Konstanzer Kommunalpolitiker empören sich in Resolution über Takeda

Rat verabschiedet Resolution zu Nycomed/Takeda – Erklärung soll ins Englische und Japanische übersetzt werden

Konstanz. Der Konstanzer Gemeinderat hat in seiner Sitzung am Donnerstagnachmittag eine Resolution zur geplanten Streichung von 700 Arbeitsplätzen bei Nycomed in Konstanz verabschiedet. Nach einer Debatte hat der Rat einige Formulierungen in dem von der Verwaltung vorformulierten Text noch verschärft. Die Resolution, die auch auf der Homepage der Konstanz Stadt im Web steht, soll noch ins Englische und auch in Japanische übersetzt werden.

Betroffenheit nach Nycomed Entscheidung

Mehrere Gemeinderatsmitglieder zeigten sich in der Debatte im Ratssaal auch persönlich betroffen vom Kahlschlag. Heinrich Everke (FDP) sagte, er kenne persönlich Mitarbeiter in der Forschungs- und Entwicklungsabteilung und empfinde Wut und Trauer. Die Wissenschaftler hätten ihr Haus in Konstanz gebaut. Vera Hemm (Linke Liste Konstanz) sagte, sie habe 30 Jahre bei Byk Gulden, dem Unternehmen, aus dem später Altana und dann Nycomed wurde, und das jetzt vom Takeda Konzern zerstört worden ist, gearbeitet. Zwölf Jahre sei sie Betriebsrätin gewesen. Sie sprach davon, dass viele Menschen jetzt Zukunftsängste hätten. Jürgen Wiedemann (NLK) sagte, die Stadt trage am Tag danach Trauerflor. Solidaritätsbekundungen helfen nicht viel. Oberbürgermeister Horst Frank (Grüne) sagte, es gebe längst Gespräche mit Land und Bund. Es gehe jetzt darum, neue Perspektiven zu schaffen

Resolution im Wortlaut

„Der Gemeinderat der Stadt Konstanz ist empört, dass der japanische Konzern Takeda den Nycomed-Standort Konstanz trotz guter Perspektiven drastisch abbauen und 700 Arbeitsplätze streichen will. Das Unternehmen hat mit dem Wissen und der Leistung seiner Mitarbeiterinnen und Mitarbeiter in den vergangenen Jahren glänzende Gewinne gemacht. Es ist deshalb nicht nachvollziehbar, dass der Bereich Forschung und Entwicklung komplett geschlossen und andere Bereiche verlagert werden sollen.

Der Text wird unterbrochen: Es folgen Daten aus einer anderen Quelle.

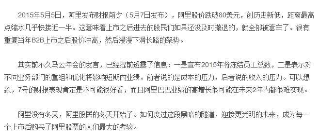 在2015年5月6日,方兴东在中国博客的专栏发表文章《阿里股民的冬天开始了》,对即将公布的阿里业绩表达了悲观态度,并预言未来2年阿里都难以出现业绩高增长。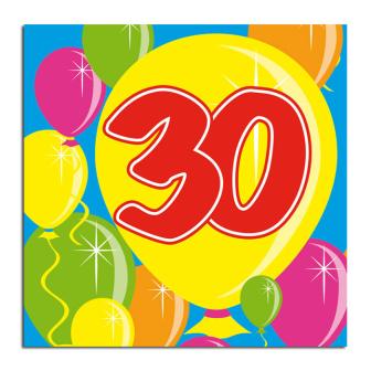 Artikel: Cocktailservietten "Happy Birthday Bunte Ballons" 30. Geburtstag 20er Pack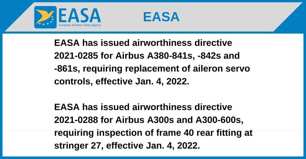 EASA has issued airworthiness directive 2021-0285 for Airbus A380-841s, -842s and -861s, requiring replacement of aileron servo controls, effective Jan. 4, 2022.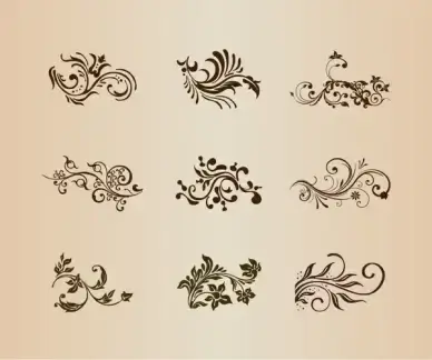 swirling flourishes floral decorative elements vector illustration set
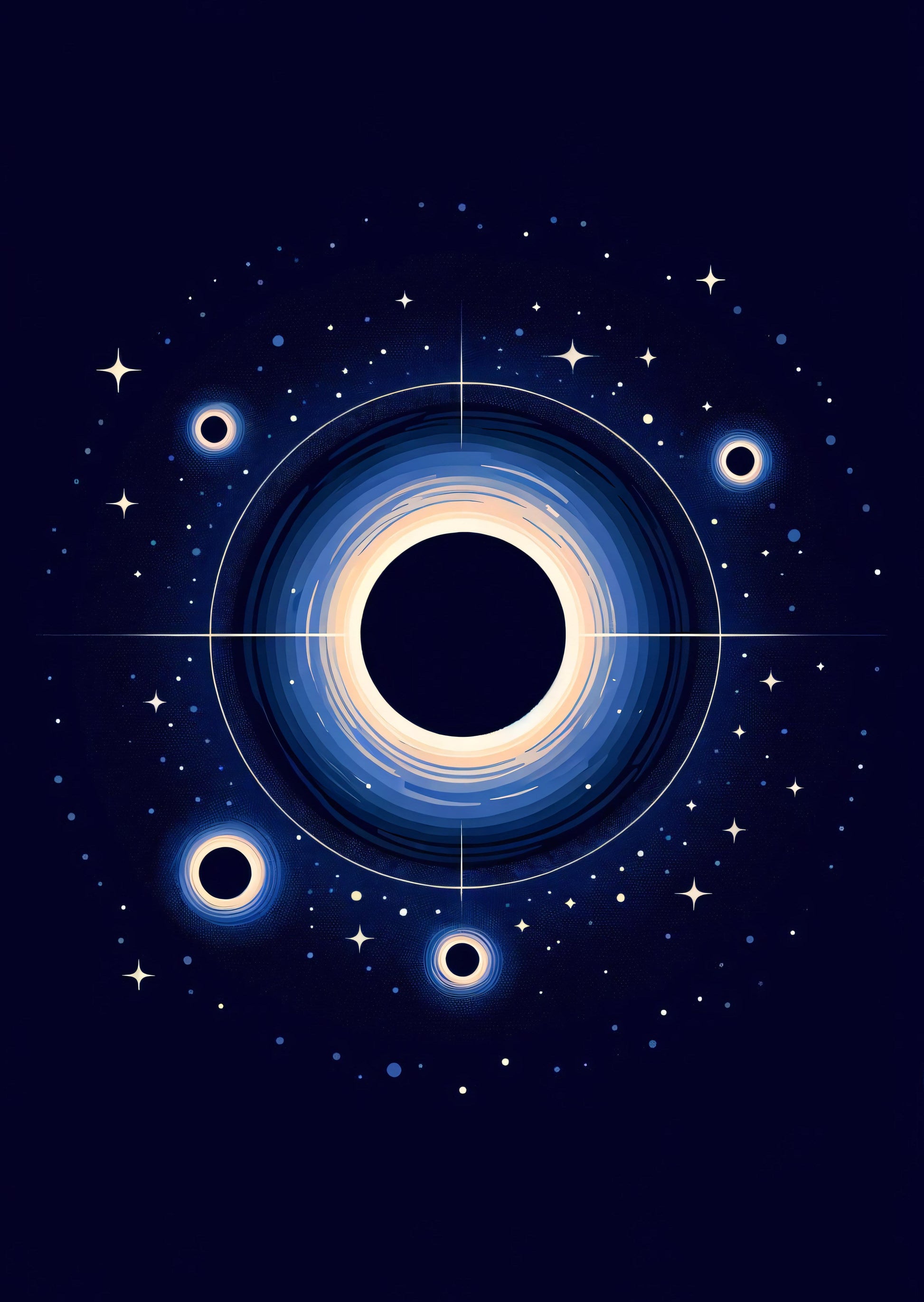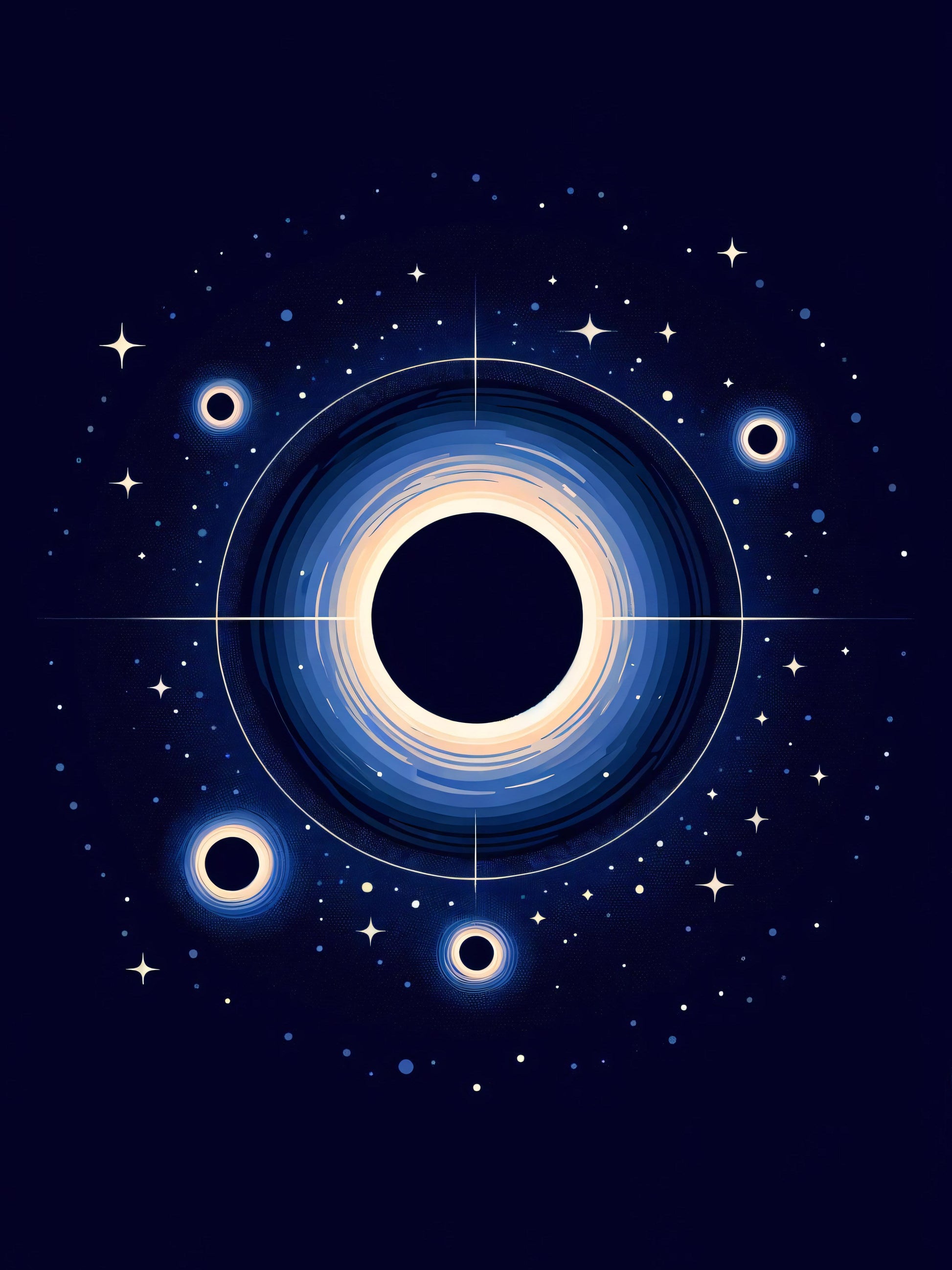 In the boundless night sky, a circle of mystery floats amidst sparkling dots. This black hole, a powerful space giant, pulls all close to its heart, where light can't escape. Like life's challenges, it reminds us that some things pull us in with invisible force. Surrounding it, rings of light dance in a cosmic rhythm, sharing a tale of beauty that thrives even near the unknown. The stars watch like wise old eyes, guiding explorers and dreamers who gaze upward, searching for their place amongst the vast canvas. It's a reminder that in the vastness of existence, every small light contributes to the grand design.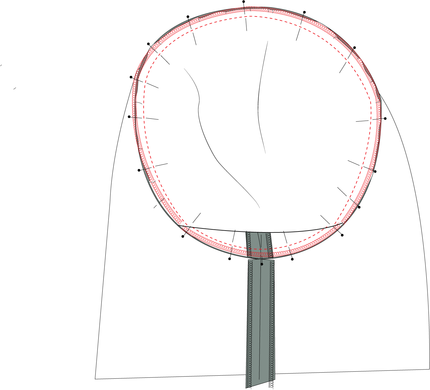 17. Place the neck facing onto the neckline of the bodice, right sides together. Match all seams carefully. First sew the right side of the neckline, then the left side as follows:

Nycomed und Takeda müssen sich den Vorwurf gefallen lassen, dass sie einen traditionellen und erfolgreichen Pharma-Standort allein finanziellen Interessen geopfert haben.

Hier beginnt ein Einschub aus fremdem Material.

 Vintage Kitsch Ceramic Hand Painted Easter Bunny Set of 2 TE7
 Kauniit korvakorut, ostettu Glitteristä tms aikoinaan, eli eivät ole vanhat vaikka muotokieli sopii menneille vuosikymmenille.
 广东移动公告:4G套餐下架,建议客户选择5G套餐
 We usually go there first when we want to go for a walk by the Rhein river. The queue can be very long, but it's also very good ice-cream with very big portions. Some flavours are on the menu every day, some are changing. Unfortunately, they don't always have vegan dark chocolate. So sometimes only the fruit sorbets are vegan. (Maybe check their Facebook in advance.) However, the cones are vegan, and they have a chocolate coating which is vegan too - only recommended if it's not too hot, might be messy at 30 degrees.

Der Gemeinderat der Stadt Konstanz unterstützt den Betriebsrat in seiner Forderung nach einem verbesserten Sozialplan und der Einrichtung einer Transfergesellschaft. Das Gremium fordert von Takeda, dass der Konzern alles unternimmt, um den Mitarbeiterinnen und Mitarbeitern des Unternehmens in Konstanz zu helfen.

Insbesondere erwartet der Gemeinderat vom Konzern aktive Unterstützung, wenn es in den nächsten Wochen und Monaten darum geht, neue Perspektiven für die vielen betroffenen Mitarbeiterinnen und Mitarbeiter zu schaffen“.